Когда Петрусь ювелирно притер патрульный флайер на небольшом галечном пляже рядом с розовым кобайком, тот был пуст и нахально распахнут: заходи кто хочешь, лети куда хочешь. Никакой Нинеллы поблизости не наблюдалось, и Петрусь высказал предположение, что прибыла сюда Нинелла не одна, а с дружком и со вполне определенной целью, что и могло объяснить превышение скорости и игнорирование требований патруля остановиться. И настаивал на том, чтобы поискать их по ближайшим кустам или скалам и обломать интим. Эрик был менее кровожаден (или более ленив) и вынес встречное предложение: залечь в кустах самим и дождаться возвращения сладкой парочки, после чего их и штрафануть по всей строгости за все подряд.
Петрусь счел за лучшее не возражать.
Флайер пришлось передвинуть, замаскировав в разросшихся тирамисовых кустах на краю пляжа, сами устроились там же с целью совместить приятное с полезным и позагорать. Для отчета записали, что караулят нарушителя. Бросили монетку, кому бдить первому, и Петрусю опять не повезло. Эрик с полным чувством не твари дрожащей завалился на спину, подложил футболку под голову и совсем скоро почти заснул, пригревшись.
Проснулся он резко и сразу — от громкого хруста гравия под тяжелыми шагами, совсем не похожими на женские. И оттого, что рядом как-то странно икнул Петрусь. Икнул, дернулся и замер, даже дышать перестал.
Эрик бесшумно крутанулся на живот, глянул в сторону пляжа — и тоже замер, забыв дышать.

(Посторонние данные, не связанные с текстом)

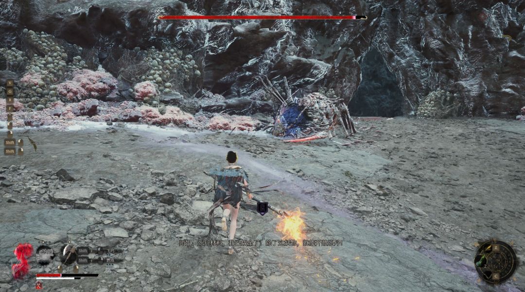 当地上出现红色标识时按下闪避键就可以躲避,灵活利用石柱和闪避破土攻击来将其击败。

Со стороны скал к брошенному на пляже кобайку шел человек. Шел с хозяйским видом, но если это и была Нинелла, то она очень сильно изменилась за лето, превратившись в крепкого, стремного вида парня с хорошо прокачанной мускулатурой. Шагал он широко, но тяжело, потому что на обоих его плечах висело по неподвижному человеческому телу, то ли мертвому, то ли оглушенному. Того, что висел на правом плече, он придерживал рукой с зажатой в ней странной штукой, которая на первый взгляд показалась Эрику окровавленным огромным ножом странной формы и вроде бы с зубчиками. Висящего на левом плече стремный парень придерживал самим плечом, потому что левая рука у него была занята: в ней он нес оторванную человеческую голову, держа ее за волосы. Из неровно разорванной шеи на гальку капало красным.
Подойдя к кобайку, «Нинелла» деловито утрамбовал оба тела на пассажирское сиденье, сам уселся на водительское, голову небрежно бросив себе под ноги, захлопнул колпак и стартовал так, словно на этот раз точно собирался выйти на орбиту.
Они не были полицейскими, всего лишь дорожные патрульные. У них даже оружия не было! Только парализаторы. И дышать они начали лишь тогда, когда кобайк, взревев, свечкой ушел в небо. Но к своему флайеру они рванули одновременно, даже не переглянувшись.
На этот раз сирену Петрусь включать не стал. И сам молчал, не ругался даже, только в штурвал вцепился. Эрику тоже говорить не хотелось, но пришлось оповещать полицию. Он не стал ничего объяснять, просто скинул запись с регистратора, благо тот работал все время, хоть и с не слишком удачного ракурса. И карту маршрута тоже скинул — розовый кобайк снова шел как по ниточке, с точностью повторяя свой недавний путь, только в обратном направлении. И, если верить карте Столицы, эта ровная линия точнехонько упиралась в коттедж номер шестнадцать по улице Садовой, владелицами которого вот уже третий месяц числились Габриэль Бамбини и ее дочь Нинелла.
Глава 10
Вот так и получилось…
— Вот так и получилось, что когда я, продирая глаза, полусонная и ничего не понимающая, выползла на крыльцо, в наш двор свалились одновременно патрульный флайер и наш гадовоз. И Глеб из него еще в метре от земли выпрыгнул, это мне потом Пабло сказал. Потому что я тогда на них и внимания не обратила, это потом уже, а первым тогда тебя увидела. Вернее, нет, — Рита хихикнула и потерлась ухом о плечо мужа. — Первым я увидела нашего красавца, гордого такого и вообще. А тебя мне бросили к ногам, как почетный трофей.
— Ну уж ты скажешь! — Джеймс сделал вид, что обижен. Впрочем, не стараясь при этом быть убедительным. — Да я уже к тому времени нормально стоял!
— Стоял он… — фыркнула Рита и потерлась снова. — Гаврик тебя за шкирку держал, потому ты и стоял. А потом он сказал свою первую непрограммную фразу… — тут Рита вздохнула мечтательно и умиленно. — И это было так мило… так трогательно…
Тут уже фыркнул Джеймс, не выдержав. Да и кто бы выдержал?!